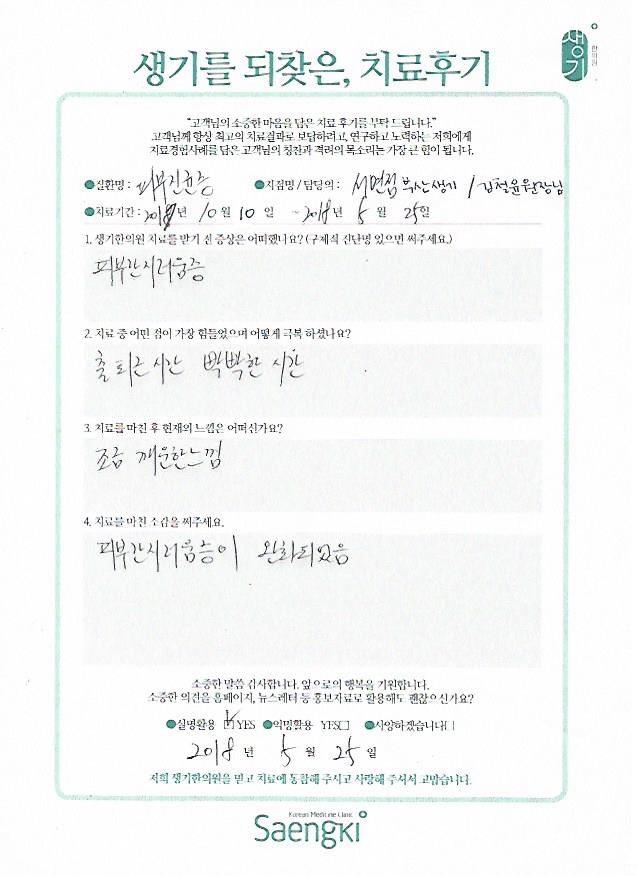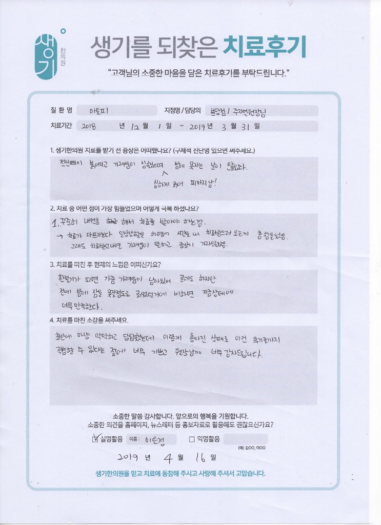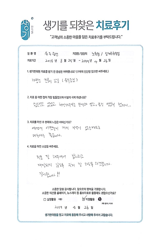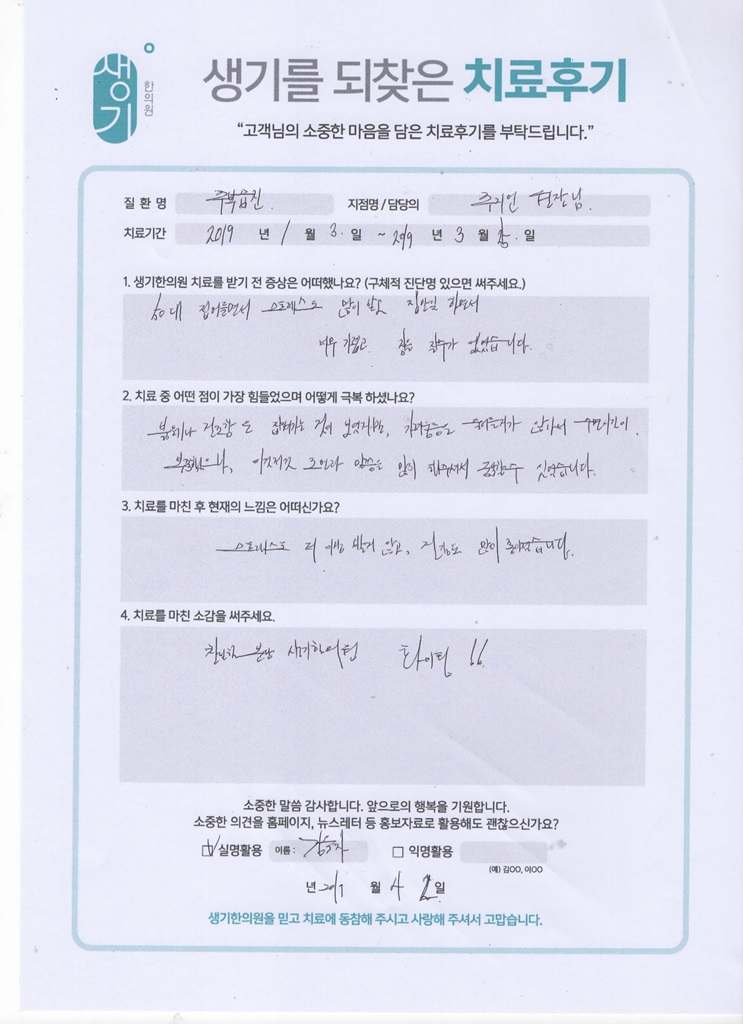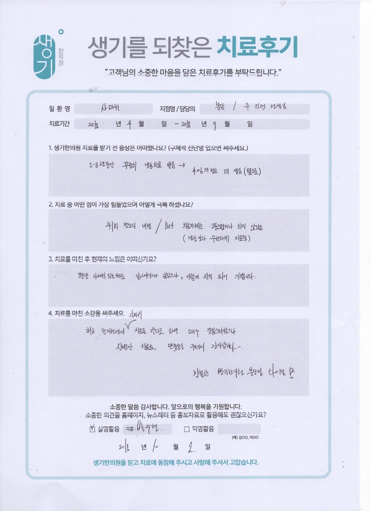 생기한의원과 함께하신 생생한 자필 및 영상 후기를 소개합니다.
=======
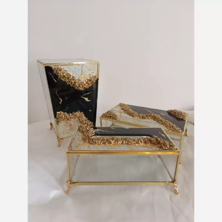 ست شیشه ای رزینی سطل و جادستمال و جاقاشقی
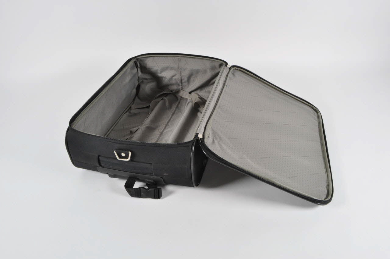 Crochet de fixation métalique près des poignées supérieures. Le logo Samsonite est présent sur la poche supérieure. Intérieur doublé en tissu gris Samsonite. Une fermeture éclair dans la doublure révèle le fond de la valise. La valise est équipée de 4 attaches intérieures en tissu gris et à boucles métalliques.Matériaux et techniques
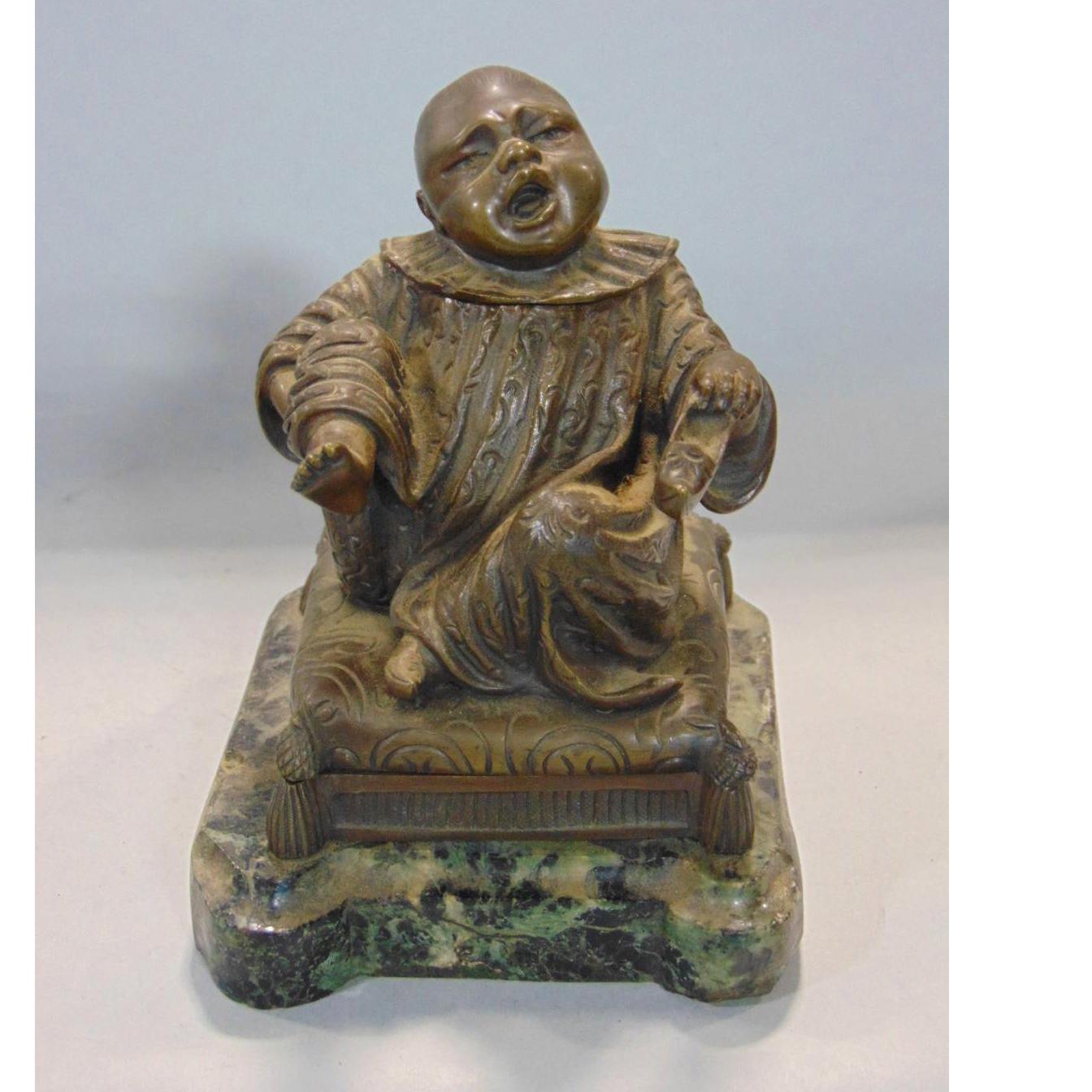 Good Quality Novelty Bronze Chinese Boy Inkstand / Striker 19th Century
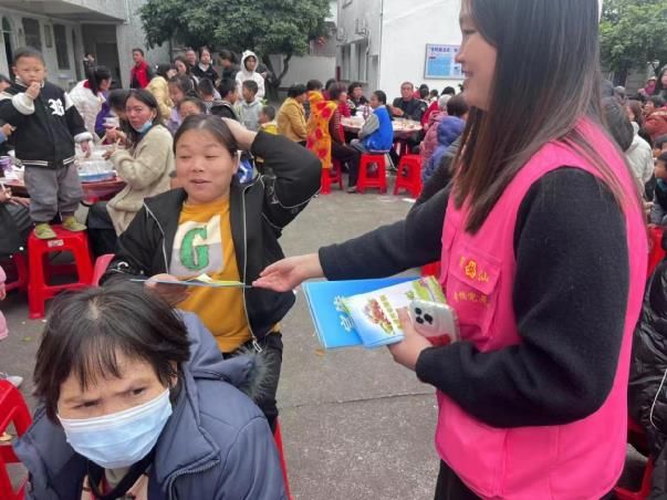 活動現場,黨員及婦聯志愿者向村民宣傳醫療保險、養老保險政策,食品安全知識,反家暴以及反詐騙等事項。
=======
Write out word for word the lines of the listing above from the line with "Crochet de fixation" to the line with "活動現場,黨員及婦聯志愿者向", taking in both of those lines but no pictures.

 Crochet de fixation métalique près des poignées supérieures. Le logo Samsonite est présent sur la poche supérieure. Intérieur doublé en tissu gris Samsonite. Une fermeture éclair dans la doublure révèle le fond de la valise. La valise est équipée de 4 attaches intérieures en tissu gris et à boucles métalliques.Matériaux et techniques
 Good Quality Novelty Bronze Chinese Boy Inkstand / Striker 19th Century
 活動現場,黨員及婦聯志愿者向村民宣傳醫療保險、養老保險政策,食品安全知識,反家暴以及反詐騙等事項。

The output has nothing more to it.